To avoid confusion over debits and credits, don’t think of them in the way they are used in everyday language.

You may be confused because you thought a credit was a good thing! We learned these terms from dealing with banks and stores, but they were using the terms from their perspective.

When the bank gave you a “credit”, it was their Cash they are crediting, or subtracting from.

Good for you, not good for the bank.

As a business owner, think of debits and credits from your company’s point of view. When you debit your Cash, you add to it. When you credit your Cash, you subtract from it.

When you put cash in the bank, the bank now is obliged to pay it back to you, which is a liability and therefore a credit (increase) of their liability to you. So the teller tells you your account has been “credited”.
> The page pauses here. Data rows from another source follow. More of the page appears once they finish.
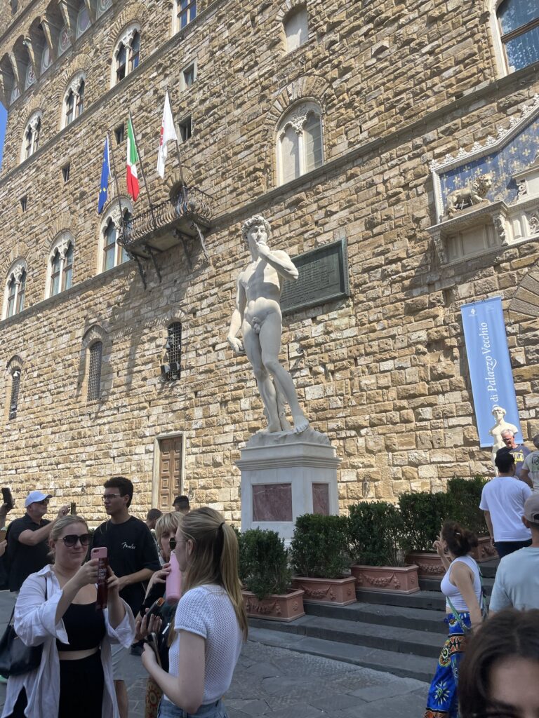 Naše další kroky směřovaly podél vody do galerie Uffizi na Zrození Venuše, ale sáhodlouhá fronta nás odradila a šli jsme se podívat na repliku Michelangelova Davida, co stojí na jeho původním místě na Piazza della Signoria.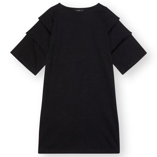 Hübsches Mini-Kleid aus feinster Jersey aus Bio-Baumwolle. Das Kleid verfügt über eine weite Passform, einen Rundhalsausschnitt und halblange Rüschenärmel, die ihm eine verspielte sowie feminine Note verleihen. Perfekt für formelle Anlässe, aber auch einen angenehmen Abend in der Stadt. Dank der PETA approved vegan Zertifizierung ist außerdem garantiert, dass in keinem Produktionsschritt ein Tier zu Schaden gekommen ist. Material: 100% Baumwolle (bio, organic cotton Zertifizierung: PETA approved vegan
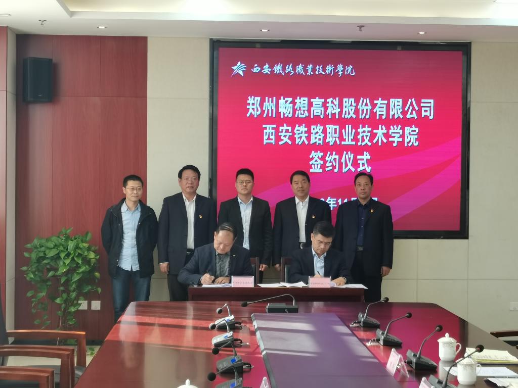 郑州畅想高科股份有限公司总经理张宪锋向学院领导表示衷心的感谢。他介绍畅想高科股份有限公司是一家专注轨道交通运用安全、教育实训领域研发、生产、销售和服务的高新技术企业,河南省重点上市后备企业,具有多年铁路运营产品开发的经验并参与制定多个铁路行业标准,充分了解铁路企业现场作业标准和技能技法,具有雄厚的技术实力和丰富的技能培训经验。张经理表示之前的两次合作也对他们企业的技术发展带来了很大促进,希望此次签订协议,双方能够发挥各自优势,深入合作,实现双赢。

See how this can get confusing now? See how the two of you, your company and the bank mirror image each other? The “credit” from the viewpoint of the bank is, in fact a debit from your business point of view. Fascinating (as Spock would say), if you think about it.

The confusion can be eliminated by remembering the basic concept.

Debit refers to the left ; credit refers to the right.

And no, it does not mean Democrats are debits and Republicans are credits.

What do you think? Has this helped shed light on the subject?